Vamos propor e testar os seguintes modelos:
* modelo1: dados1 ~ SARIMA (2,0,0)(1,1,0)12
* modelo2: dados1 ~ SARIMA (2,0,0)(0,1,1)12
modelo1 <- Arima(dados1,order=c(2,0,0),seasonal=list(order=c(1,1,0),period=12),include.constant=F)
modelo1
## Series: dados1
## ARIMA(2,0,0)(1,1,0)[12]
##
## Coefficients:
## ar1 ar2 sar1
## 1.8085 -0.8292 -0.4546
## s.e. 0.0262 0.0263 0.0421
##
## sigma^2 estimated as 1.396: log likelihood=-729.16
## AIC=1466.32 AICc=1466.41 BIC=1482.82
coeftest(modelo1)
##
## z test of coefficients:
##
## Estimate Std. Error z value Pr(>|z|)
## ar1 1.808546 0.026230 68.949 < 2.2e-16 ***
## ar2 -0.829203 0.026318 -31.507 < 2.2e-16 ***
## sar1 -0.454645 0.042105 -10.798 < 2.2e-16 ***
## ---
## Signif. codes: 0 '***' 0.001 '**' 0.01 '*' 0.05 '.' 0.1 ' ' 1
tsdiag(modelo1)
tsdisplay(residuals(modelo1))
Os coeficientes atendem as condições de estacionariedade e são estatisticamente significantes. Os correlogramas dos resíduos, no entanto, indicam fortes autocorrelações por volta dos lags 6, 12, 18 e 24. O AIC foi de 1466.32
Vamos ao segundo modelo:
modelo2 <- Arima(dados1,order=c(2,0,0),seasonal=list(order=c(0,1,1),period=12),include.constant=F)
modelo2
## Series: dados1
## ARIMA(2,0,0)(0,1,1)[12]
##
## Coefficients:
## ar1 ar2 sma1
## 1.7956 -0.8020 -0.9646
## s.e. 0.0281 0.0284 0.0444
##
## sigma^2 estimated as 1.008: log likelihood=-668.28
## AIC=1344.56 AICc=1344.64 BIC=1361.06
coeftest(modelo2)
##
## z test of coefficients:
##
## Estimate Std. Error z value Pr(>|z|)
## ar1 1.795575 0.028124 63.845 < 2.2e-16 ***
## ar2 -0.802001 0.028419 -28.221 < 2.2e-16 ***
## sma1 -0.964631 0.044363 -21.744 < 2.2e-16 ***
## ---
## Signif. codes: 0 '***' 0.001 '**' 0.01 '*' 0.05 '.' 0.1 ' ' 1
tsdiag(modelo2)
tsdisplay(residuals(modelo2))
Box.test (modelo2$residuals, lag = 48, fitdf=4, type = "Ljung")
##
## Box-Ljung test
##
## data: modelo2$residuals
## X-squared = 50.41, df = 44, p-value = 0.2348
Também no modelo 2 os coeficientes atendem os critérios de estacionariedade e são estatisticamente significantes. Os correlogramas dos resíduos e a estatística de Ljung-Box até o lag 48 indicam que as correlações dos resíduos não são estatisticamente significantes. o AIC para esse modelo é de 1344.56. Vamos prosseguir com a análise dos resíduos para verificar se se trata de ruído branco gaussiano.
plot(fitted(modelo2),scale(modelo2$residuals),main= "Resíduos versus valores ajustados",xlab="Valores Ajustados",ylab="Residuos Padronizados")
plot(1:length(scale(modelo2$residuals)),scale(modelo2$residuals),main="Resíduos versus ordem dos dados",xlab="Ordem da observação",ylab="Resíduos padronizados")

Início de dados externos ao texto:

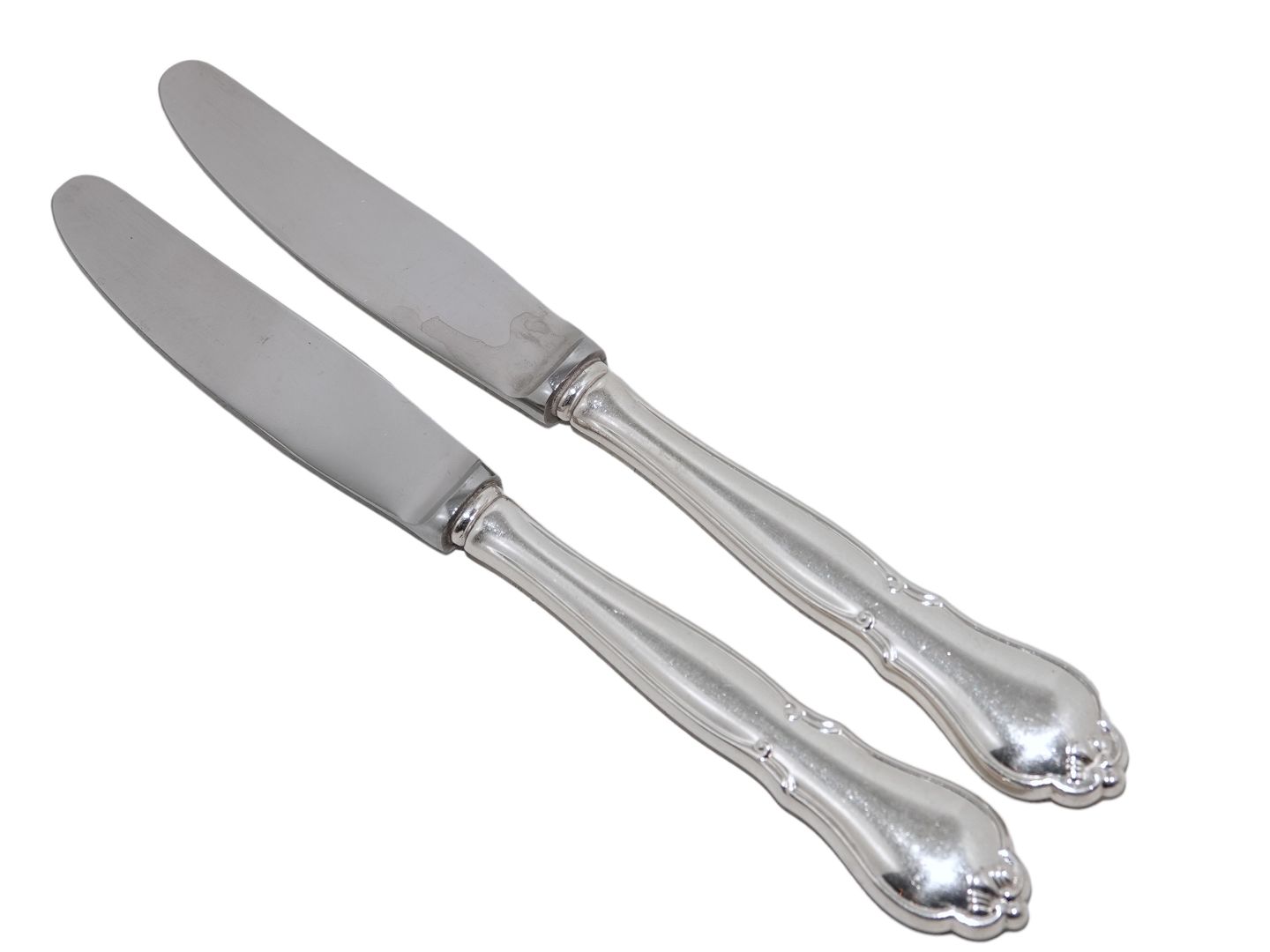 Rita tretårnet sølv, frokostkniv. Udført hos Horsens Sølvvarefabrik med knivblade fra Raadvad. Længde 18,8 cm., heraf måler knivbladet 8,9 cm. Velholdt stand uden indgraveringer.

hist(scale(modelo2$residuals),main="Histograma dos resíduos",xlab="Resíduos padronizados")
qqnorm(modelo2$residuals)
shapiro.test(modelo2$residuals)
##
## Shapiro-Wilk normality test
##
## data: modelo2$residuals
## W = 0.99571, p-value = 0.2272
Os gráficos e o teste de normalidade corroboram o entendimento de que os resíduos do modelo2 são de fato ruído branco gaussiano.
Optamos, assim, pelo modelo2 x2 ~ SARIMA (2,0,0)(0,1,1)12 que parece traduzir satisfatoriamente o processo, possui vetor de resíduos do tipo ruído branco gaussiano e AIC menor.